CPAC chairman: GOP needs to adapt to voting changes, start ballot harvesting where legal
"It's very important that we not make someone feel bad for voting earlier or voting by mail," said Matt Schlapp.
Conservative Political Action Conference (CPAC) Chairman Matt Schlapp says that in order to catch up with Democrats, Republicans must adapt to major change in election rules and start ballot harvesting in states where it is legal.
"It's very important that we not make someone feel bad for voting earlier or voting by mail," Schlapp said on "Just the News, No Noise" Wednesday. "These are fine things, we just have to do it with security. So in states with ballot harvesting, we ought to start ballot harvesting."
Mail-in voting and early voting have historically been a weakness for the GOP, with Republican voters predominantly opting to vote in person on Election Day.
Schlapp emphasized the importance of beating Democrats at their own game in specific states where ballot harvesting is legal and early voting is more common.
"There's five or six vote by mail states," said Schlapp. "We haven't statistically done well in those states. We have to beat them at their own game. The other thing we have to do, I think, is really invest in technology."
A state where Republicans really got a hold of early voting during the 2022 midterms was North Carolina. The state GOP Chairman Michael Whatley told "Just the News, No Noise" in an interview last year that early voting was the ticket to conservative victories in North Carolina.
"We put in place an early vote program because we have 17 days of early voting in North Carolina," Whatley said. "In the 2020 election cycle — that was the first time in the history of the state that Republicans actually won with early voting. And we did very well during the early voting this cycle around as well.
"Republicans are always gonna have a great day on Election Day. But if you are so far behind because of early voting and absentee voting that you can't dig yourself out of that hole, it really is going to make a big difference. So we've got to be able to compete."

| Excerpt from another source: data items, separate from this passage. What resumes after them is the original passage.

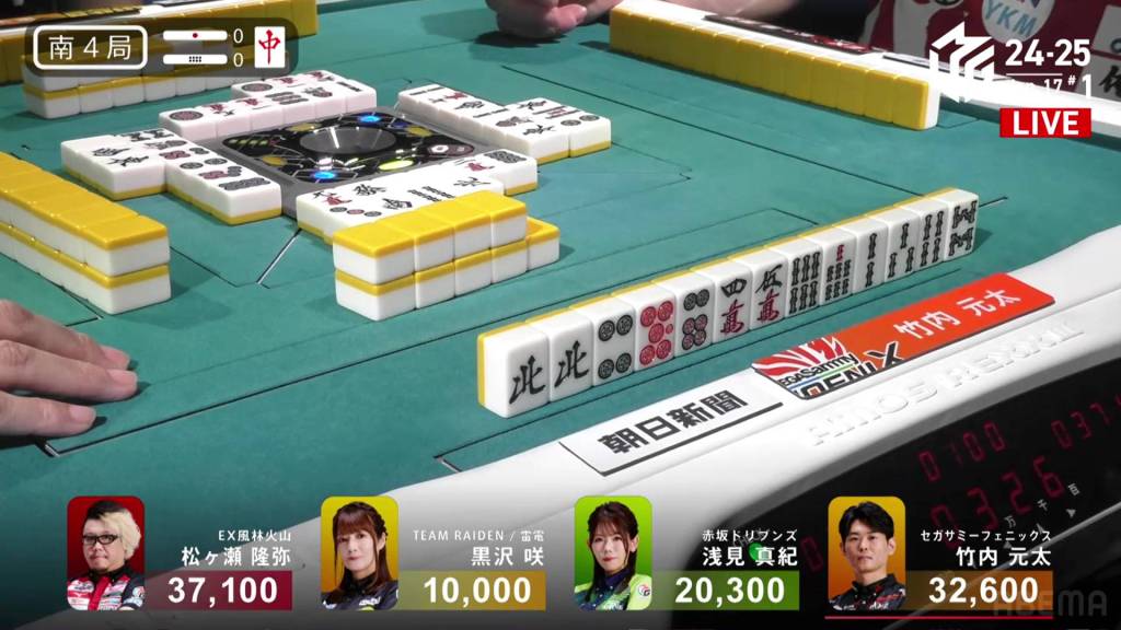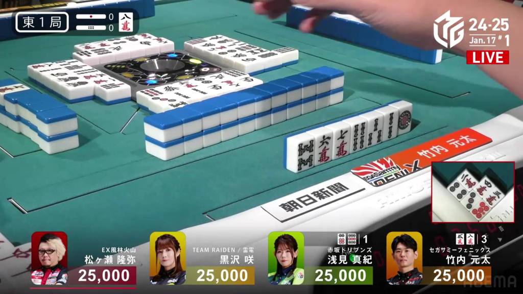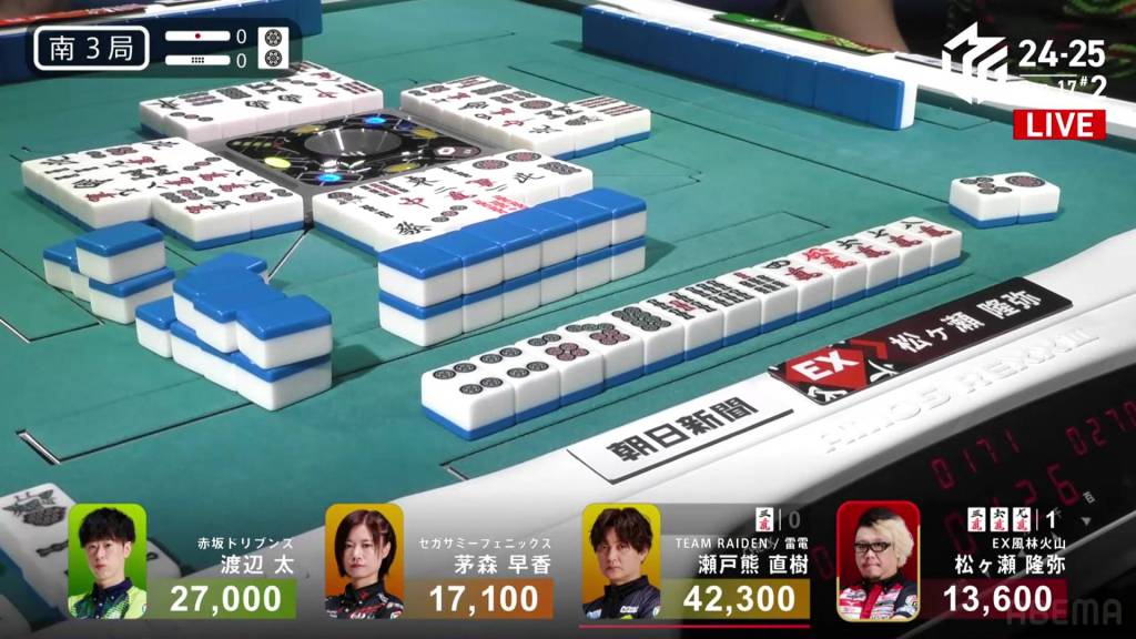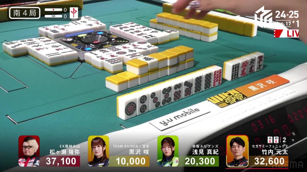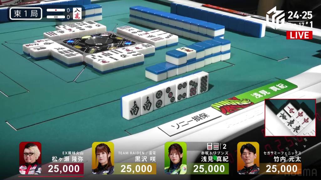 If Asami can draw the 9s herself, or get a direct hit off Matsugase and hit the uradora, she will have her sixth 1st in a row. All remaining 3 of the other 9s are left in the wall.
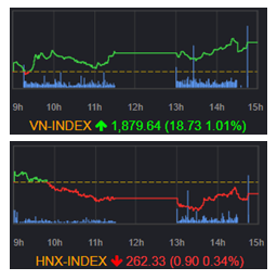 ホーチミン市場は1861.16(+0.01%)で小幅高に寄り付いた後、前場はもみ合いながら推移した。一時1859.04(▲0.10%)まで下落する場面もあったが、その後は買いが優勢となり持ち直した。後場に入ると上げ幅を拡大し、終盤に一時1882.17(+1.14%)まで上昇した。引けにかけてやや値を消したものの、VNインデックスは+18.73ポイント(+1.01%)高の1879.64の高値圏で引けた。
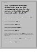 This document is a comprehensive study guide for the NSSA® (National Social Security Advisor) certification exam, featuring verified questions and answers. It thoroughly covers key topics such as retirement benefits, disability benefits, spousal and survivor benefits, and Social Security rules and eligibility. Designed as a reliable exam preparation tool, it simplifies complex Social Security concepts and helps candidates confidently prepare for the NSSA certification. The material is marked Gr...

Schlapp also urged Republicans to stop apologizing for a purported lack of diversity and instead go on offense against Democrats, proudly contrasting the party's historical leadership in abolishing slavery and securing civil rights and racial equality with the Democrats' history of support for slavery and Jim Crow laws enforcing racial separation.
"The Republican Party has to stop being lectured on gender, on the gender gap, on diverse people and embracing our values," he said. "We have all kinds of examples of people, including on school boards all across this country. It's not the white guy party.
"The Republican Party was established to get rid of slavery, and to give former slaves their full civil rights. We passed three amendments to the Constitution. We actually did that. That was the Republican Party, and the Democratic Party fought us."